Comme si la main mise sur l’exécutif ne leur suffisait pas les militaires maliens ont pris le contrôle du Comité national de transition (CNT, parlement de transition) en plaçant à sa tête le colonel Malick Diaw, premier vice-président du CNSP dissous. Dans sa volonté d’avoir entre les mains tous les vrais leviers du pouvoir de transition, l’ex-junte a nommé comme gouverneurs des officiers de l’armée à la tête de 13 des 20 régions du pays. Au Mali, comme dans d’autres Etats africains, l’administration territoriale tient un rôle déterminant pendant les élections. En jetant leur dévolu sur les postes de gouverneurs, les militaires gardent la main sur l’organisation des prochaines élections générales prévues dans moins de 14 mois, selon le calendrier de la transition.
Climat de peur
Plus que tout cela, c’est le climat de peur et de répression entretenue par l’ex-junte qui fait dire à de nombreux observateurs qu’elle ne manque pas d’arrière-pensées. Sous le prétexte d’une tentative de déstabilisation, le chroniqueur radio Ras Bath, figure emblématique de la société civile croupit, depuis décembre, à la prison centrale de Bamako. A coups d’intimidation ou de séduction, les militaires ont obtenu la dislocation du M5, allant jusqu’à débaucher le très influent imam Mahmoud Dicko.
En l’absence d’éléments probants pour accréditer la réalité de la tentative de déstabilisation de la transition, la vague d’arrestations de personnalités en vue a été perçue dans l’opinion malienne comme une manœuvre d’intimidation de la société qui fut le vers de lance de la chute d’IBK.
Le tout dernier Premier ministre du président IBK, Boubou Cissé s’est réfugié dans la clandestinité, affirmant craindre pour sa sécurité après qu’il a été lui aussi accusé par les militaires de vouloir déstabiliser la transition.
Présidentielle, trop plein de candidats
Pour nombre d’observateurs, les ennuis de Boubou Cissé procèderaient plutôt d’un calcul politique visant à le « neutraliser » en vue des prochaines échéances électorales. Avec la disparition en décembre dernier du chef de file de l’opposition Soumaïla Cissé, donné de son vivant grand favori de la prochaine présidentielle, le jeu politique malien est redevenu plus ouvert. Boubou Cissé, Soumeylou Boubeye Maïga, Tiébilé Dramé, Choguel Maïga, Mountaga Tall, l’ancien général Moussa Sinko Coulibaly : de nombreuses personnalités prendront la ligne de départ pour la présidentielle.

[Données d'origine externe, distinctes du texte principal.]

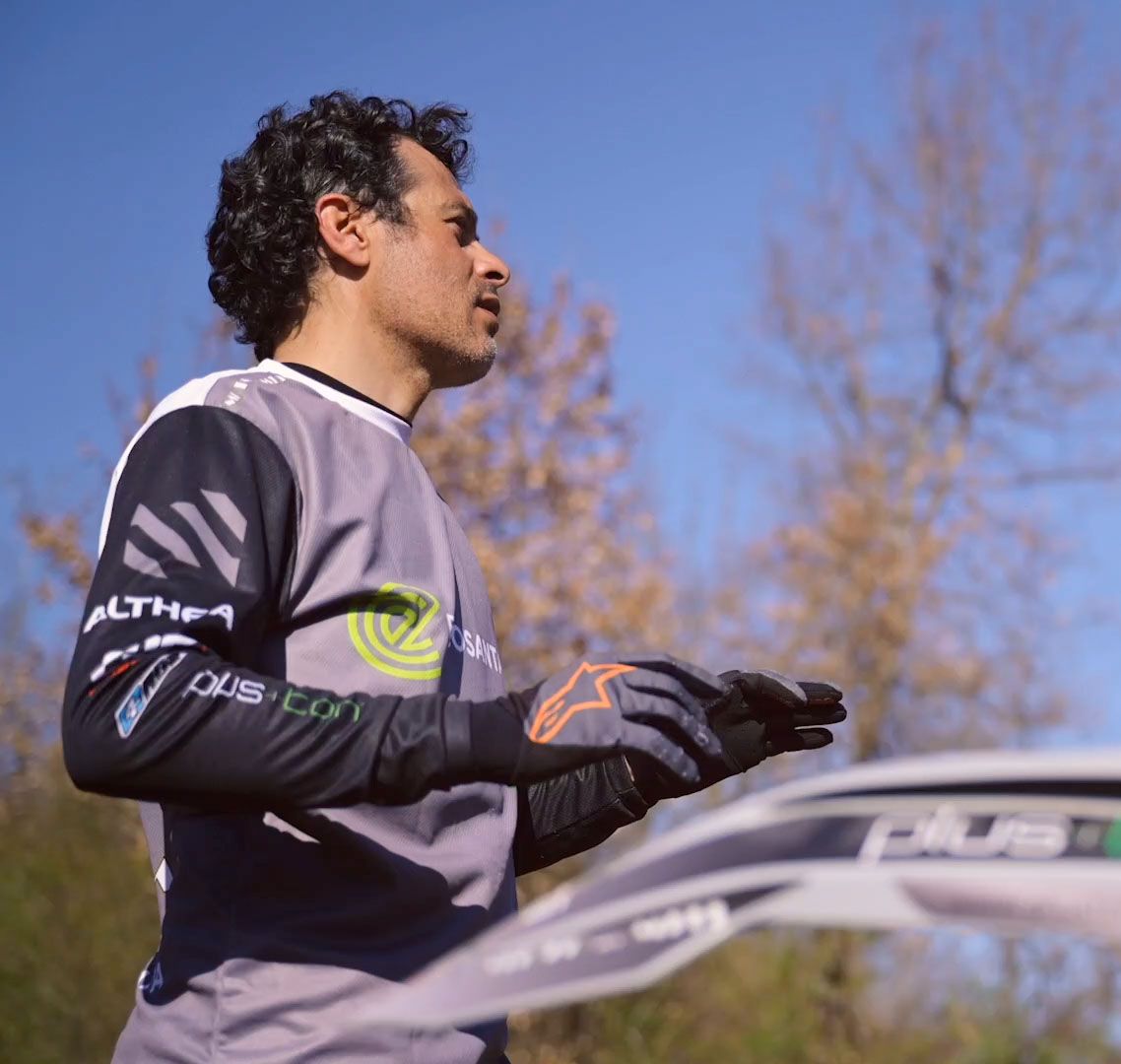 Non lasciatevi ingannare dal suo carattere tranquillo e cordiale! Nel suo DNA ci sono anni di esperienza e di agonismo nel mondo delle 2 ruote, ciclismo su strada, moto da pista, enduro in moto e, ovviamente, mountain bike!

Faute de pouvoir se présenter eux-mêmes, les membres de l’ex-junte pourraient avoir la tentation d’adouber des candidats. Ce qui leur permettrait de continuer à tirer les ficelles de la vie politique même après la période transitoire. A bien observer la conduite actuelle de la transition, il existe assez éléments concordants pour soutenir que l’ex-junte a bien un agenda caché.